When Jan Schulte-Hillen was born in Germany in 1961 with deformed, extremely short arms, he was met with horror. His mom’s doctor, in a voice devoid of emotion, advised her to have another child and get rid of him.
No one in that delivery room knew that the newborn, with his big, bright eyes, was one of thousands of babies being born all over the world with severe deformities as a result of the worst drug disaster in history. To ease her morning sickness, his mom had taken thalidomide.
Baby Schulte-Hillen was one of the lucky ones whose parents loved him fiercely from the get-go. Others were given up for adoption, sent to mental institutions, or, according to thalidomide researcher Martin Johnson, killed at the hands of the very doctors who delivered them.

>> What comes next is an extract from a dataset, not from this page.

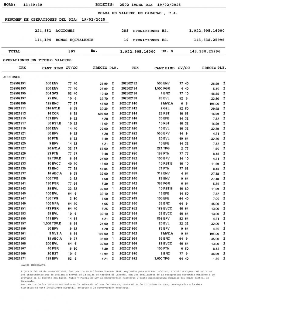 BOLSA DE VALORES DE CARACAS “BOLETÍN DE OPERACIONES 19022025″

Schulte-Hillen shares his story in filmmaker John Zaritsky’s new documentary, No Limits: The Thalidomide Saga, the final film in his trilogy about the world’s “thalidomiders”. Their experiences are especially heartbreaking and enraging, given that signs of the drug’s effects were early and obvious; nine months after the first deformed baby was born, thalidomide was brought to market in Germany. Doctors in almost 50 countries went on to prescribe the pill to pregnant women for years, despite baby after baby being born with stunted, misshapen arms and legs or limbless altogether.
But the tale gets much darker and more disturbing than that.
No Limits, which has its world premiere at the 15th annual DOXA Documentary Film Festival, sheds shocking light on Grünenthal (formerly Chemie Grünenthal), the German pharmaceutical company behind the drug. Thalidomide, in fact, had its origins in Nazi Germany.
According to the film, the drug’s inventor, Heinrich Mückter, was a doctor whose experiments were performed on prisoners in Nazi concentration camps. Chemist Otto Ambros, after spending four years in prison for Auschwitz forced-labour atrocities, became chair of Grünenthal’s board of directors, hired by the company’s then owner, Hermann Wirtz, who was an influential member of the Nazi Party.
A team of Australian lawyers for thalidomide victim Lynette Row discovered the truth behind the drug by unearthing volumes of damning evidence about Grünenthal, documents that had been sealed and placed in archives for 40 years after criminal charges of manslaughter and premeditated bodily harm against its executives were dropped in the early 1970s.
“I had no idea that all this terrible, terrible suffering and damage was all caused by Nazi war criminals who knew the drug was dangerous before they even put it on the market,” Zaritsky says in a phone interview. “I was blown away. And horrified.”
Zaritsky—whose many other films include Do You Really Want to Know?, about families facing Huntington’s disease, and Leave Them Laughing, which followed singer and former Vancouverite Carla Zilbersmith after she was diagnosed with amyotrophic lateral sclerosis (ALS)—first featured a group of young adults coping with thalidomide’s signature birth defects (deformed or missing limbs) in his 1989 film, Broken Promises. He revisited those individuals in 1999’s Extraordinary People, which centred on the reintroduction of thalidomide on the Canadian market to treat multiple myeloma and epilepsy.
Aside from documenting thalidomide’s disturbing back story, No Limits features some of the same people from Zaritsky’s previous two films featuring the drug and its effects, completing a kind of Seven Up!–style series on the drug’s disabled victims. With No Limits, he’s hoping that those victims will see some form of justice. Grünenthal is still owned by the Wirtz family, which is allegedly worth billions.
“I really, really hope that Grünenthal will finally, finally do what they should have done 50 years ago and compensate adequately victims outside of Germany, none of whom have received a penny,” Zaritsky claims. “It’s staggering.”
Grünenthal denied Zaritsky’s requests to be interviewed for the film. According to the website for Contergan, the brand name thalidomide was sold under in Germany, the Grünenthal Foundation provides financial assistance for thalidomide victims in acute emergency situations.
The website states: “The Grünenthal Foundation supports individual thalidomide victims by assuming the costs for individual benefits in kind, focusing on mobility and adaptions in the living environment associated with the disability that are not paid for by social security funds (health insurance companies, social services department, etc.).
“Those people interested in this support must be recognized by the Thalidomide Foundation For Disabled People or an institution with similar criteria for recognition.”